• [Records shown]
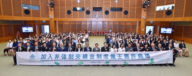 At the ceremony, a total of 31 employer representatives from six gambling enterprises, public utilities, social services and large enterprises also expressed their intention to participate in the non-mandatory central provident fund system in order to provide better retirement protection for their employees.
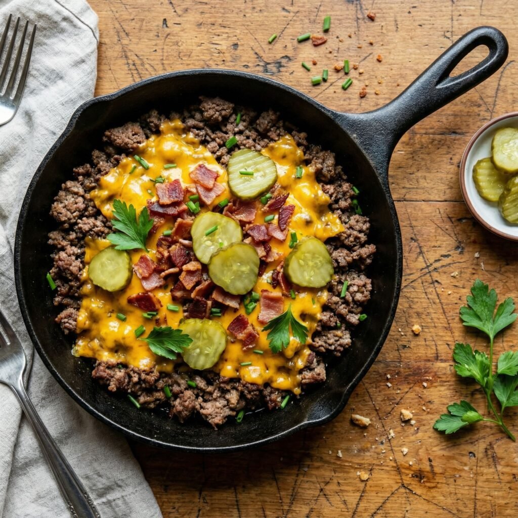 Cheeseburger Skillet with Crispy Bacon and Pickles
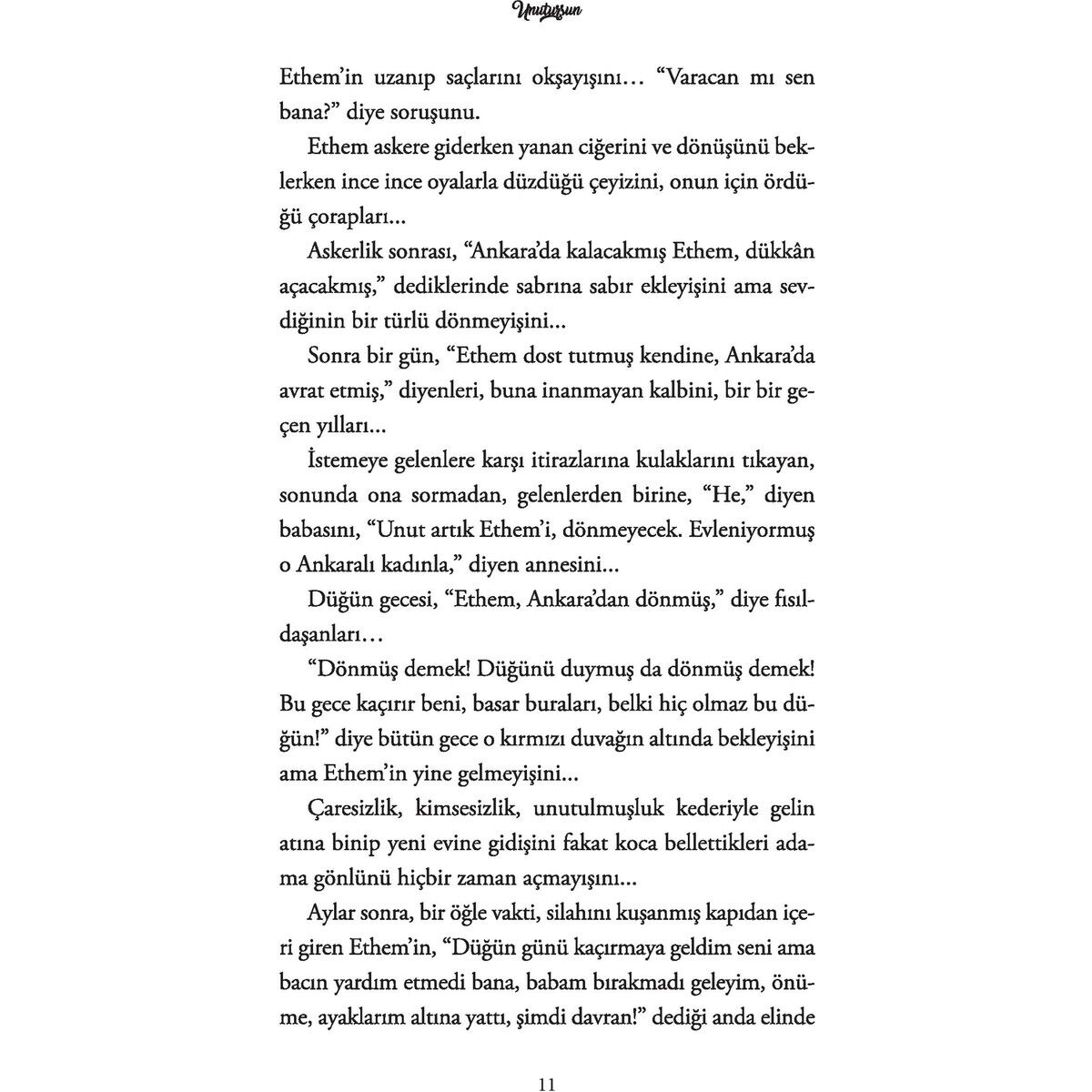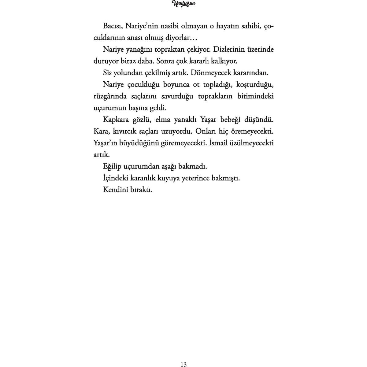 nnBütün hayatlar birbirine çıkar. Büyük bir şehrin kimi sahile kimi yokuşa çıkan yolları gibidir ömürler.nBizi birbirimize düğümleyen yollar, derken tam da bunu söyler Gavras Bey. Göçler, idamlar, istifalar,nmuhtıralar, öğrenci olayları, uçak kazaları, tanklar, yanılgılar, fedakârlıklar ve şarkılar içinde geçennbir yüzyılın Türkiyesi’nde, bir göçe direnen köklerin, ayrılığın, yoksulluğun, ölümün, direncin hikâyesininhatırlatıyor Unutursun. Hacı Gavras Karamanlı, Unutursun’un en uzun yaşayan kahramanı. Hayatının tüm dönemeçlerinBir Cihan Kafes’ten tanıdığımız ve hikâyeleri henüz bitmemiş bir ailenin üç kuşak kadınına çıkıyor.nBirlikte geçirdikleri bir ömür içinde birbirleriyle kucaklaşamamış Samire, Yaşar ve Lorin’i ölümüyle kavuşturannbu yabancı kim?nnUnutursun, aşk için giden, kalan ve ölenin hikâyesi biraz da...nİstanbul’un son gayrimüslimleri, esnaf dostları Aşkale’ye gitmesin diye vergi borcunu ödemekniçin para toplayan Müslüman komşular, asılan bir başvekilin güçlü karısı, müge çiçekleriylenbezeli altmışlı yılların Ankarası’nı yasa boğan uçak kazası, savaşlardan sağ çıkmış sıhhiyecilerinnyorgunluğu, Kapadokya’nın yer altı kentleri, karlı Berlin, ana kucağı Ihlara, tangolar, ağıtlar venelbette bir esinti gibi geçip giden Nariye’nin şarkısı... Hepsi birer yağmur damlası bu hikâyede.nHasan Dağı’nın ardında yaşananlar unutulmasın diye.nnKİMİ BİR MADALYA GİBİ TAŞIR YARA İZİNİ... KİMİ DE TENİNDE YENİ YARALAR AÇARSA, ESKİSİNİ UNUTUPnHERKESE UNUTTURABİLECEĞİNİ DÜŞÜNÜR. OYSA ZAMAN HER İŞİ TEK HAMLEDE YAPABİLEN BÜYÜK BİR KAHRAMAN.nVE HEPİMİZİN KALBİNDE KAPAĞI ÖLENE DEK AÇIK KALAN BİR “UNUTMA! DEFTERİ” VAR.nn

---

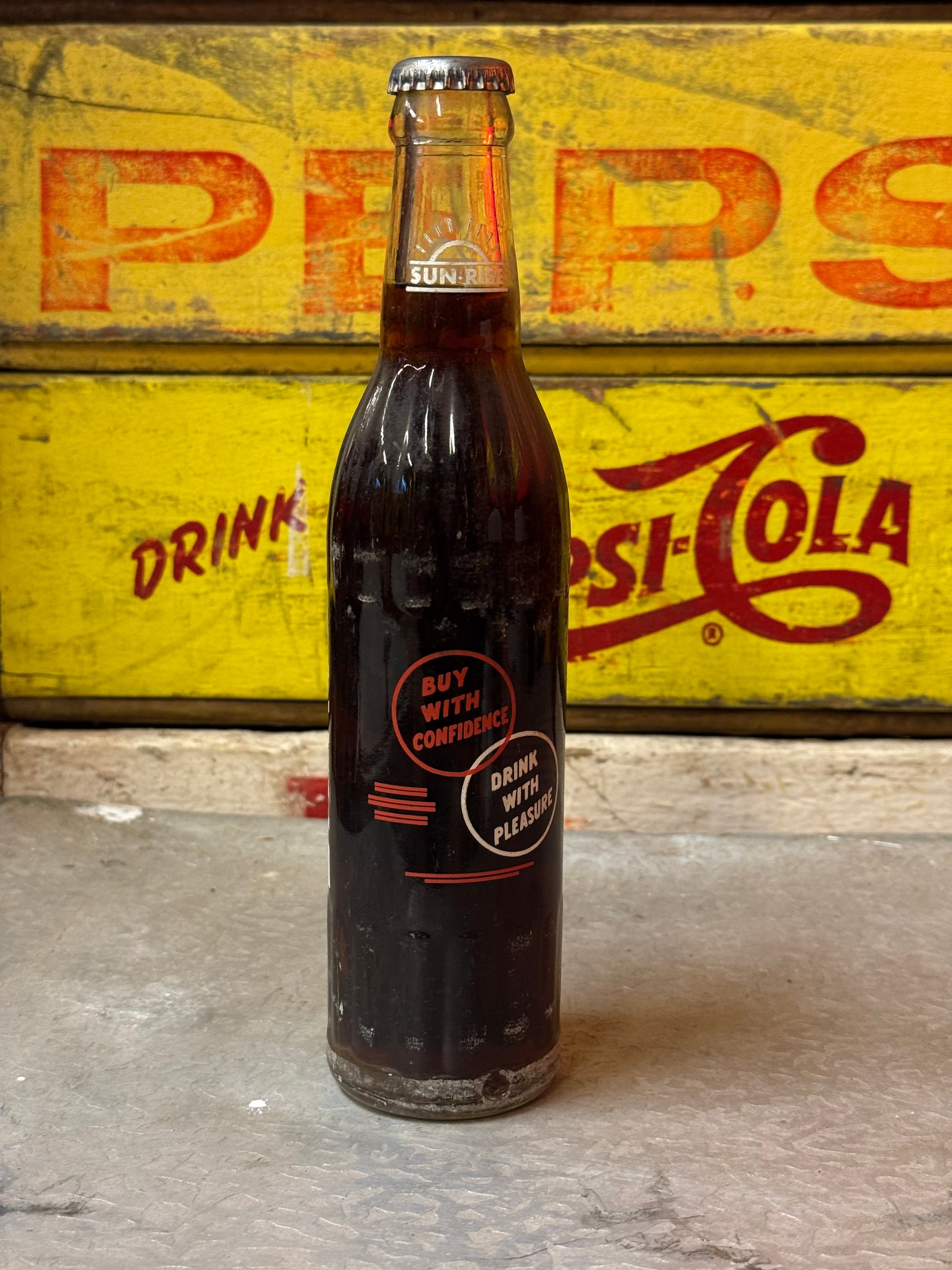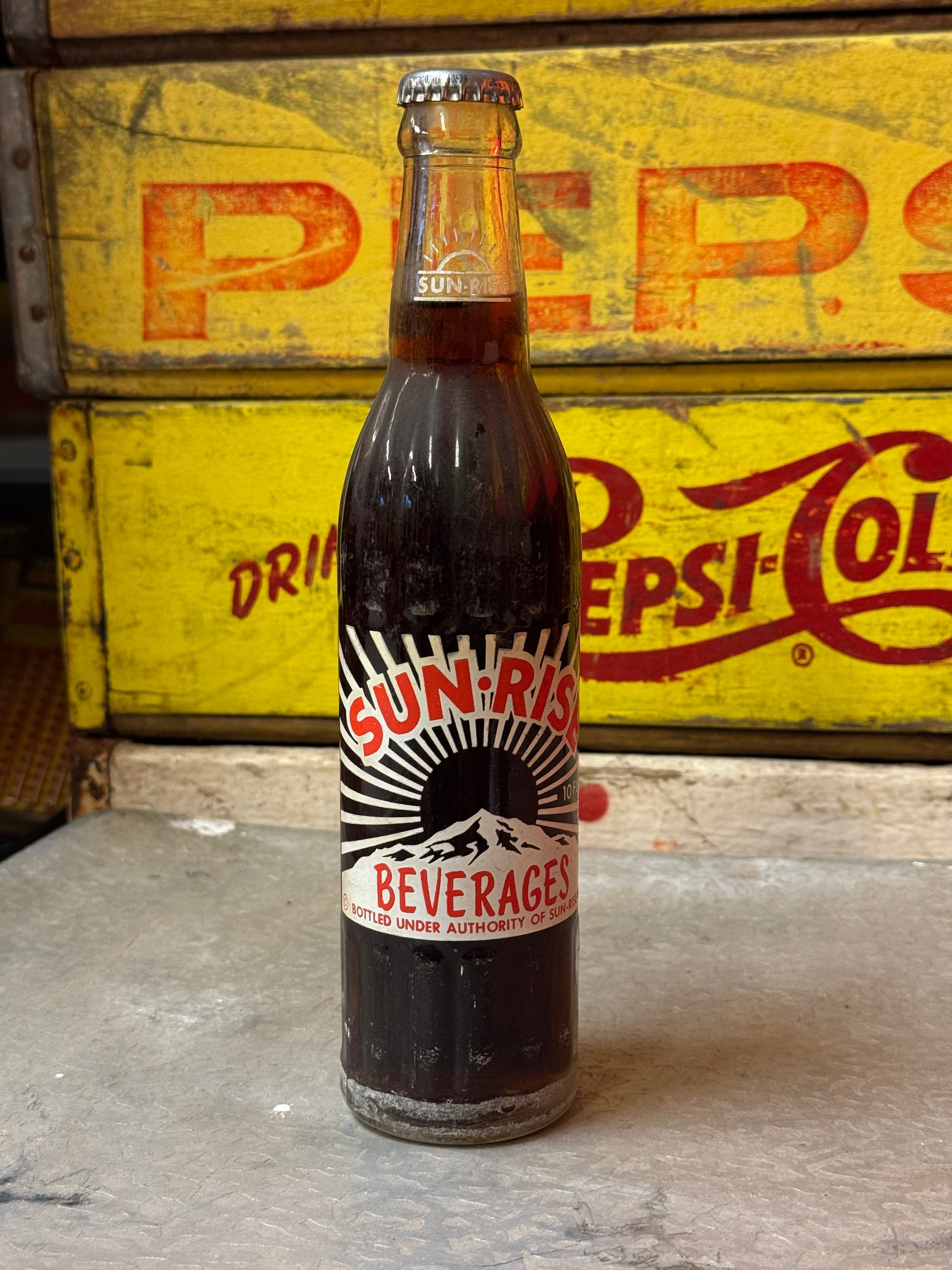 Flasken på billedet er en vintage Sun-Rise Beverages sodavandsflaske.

• [What this task involves]
Reproduce the listing above from the line that holds "At the ceremony, a" through the line that holds "Cheeseburger Skillet with", both included, with the pictures left out.

• [Completed exercise]
 At the ceremony, a total of 31 employer representatives from six gambling enterprises, public utilities, social services and large enterprises also expressed their intention to participate in the non-mandatory central provident fund system in order to provide better retirement protection for their employees.
 Cheeseburger Skillet with Crispy Bacon and Pickles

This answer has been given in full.